Google Puts Its Cards On The Table With Google Now



 
Smart Phone AI
With its new mobile search application, Google Now from Google looks to take on Apple's Siri head-to-head. Built on the Knowledge Graph machine learning system, Google Now will learn about users and potentially even anticipate their questions.
In a development that some are calling Google's answer to Siri, the company has released information on their Google Now personal assistant application.

Like Siri, Google Now can take voice commands related to phone functions such as setting reminders or sending messages, and field requests for information such as “How old is Sofia Vergara?” and “Where can I find a good Italian restaurant?”

Unlike Siri, Google Now was not designed as a "personality."  It works more like a traditional search engine, however by building up knowledge of the user, Google Now may even give you answers before you ask them.  For Google, this follows the design philosophy of "getting out of the way of the user."

Google Now also responds with speech like Siri. However, rather than passing along queries to third-party services such as Yelp for answers, Google’s helper makes use of the company’s recently launched Knowledge Graph, a database that categorizes information in useful ways.

Google Now also combines the constant stream of data a smartphone collects on its owner with clues about the person’s life that Google can sift from Web searches and e-mails to guess what he or she would ask it for next. This enables Google Now not only to meet a user’s needs but also potentially anticipate them. Virtual index cards appear offering information it thinks you need to know at a particular time.

Google now traffic information


According to Google,
It tells you today’s weather before you start your day, how much traffic to expect before you leave for work, when the next train will arrive as you’re standing on the platform, or your favorite team's score while they’re playing. And the best part? All of this happens automatically. Cards appear throughout the day at the moment you need them.
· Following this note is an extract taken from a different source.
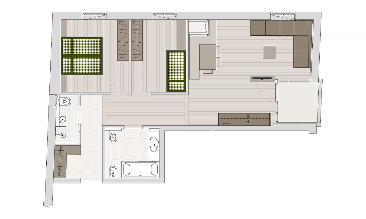 trilo 5 Sigrid Plus - 63 m² - 1 ložnice s manželskou postelí, 1 ložnice s palandou, obývací pokoj s kuchyňským koutem, tyrolskými kamny a rozkládacím gaučem pro 1 osobu, 2x sociální zařízení se sprchou či vanou

Google Now can automatically notify a user about the weather, traffic, upcoming appointments, flights, nearby businesses such as restaurants and caf├ęs, sports results, public transit and travel information, and movie show times. It’s also smart enough to gauge that some things matter more than others. Unusually bad traffic on your commuting route, for example, warrants an audible notification, while events just appear on the screen the next time you check your phone.

Google Now is built on top of machine learning, a branch of AI concerned with using large amounts of data to inform decisions. Also like other Google products, Google Now gets better as the company collects more data and refines its algorithms.

The design of the cards also look cohesive with what Google is working towards with their Project Glass initiative.  Overall the direction of the company is aligned to offer potentially exceptional artificial intelligence assistance across devices and looks to become an even more intimate part of people's everyday lives.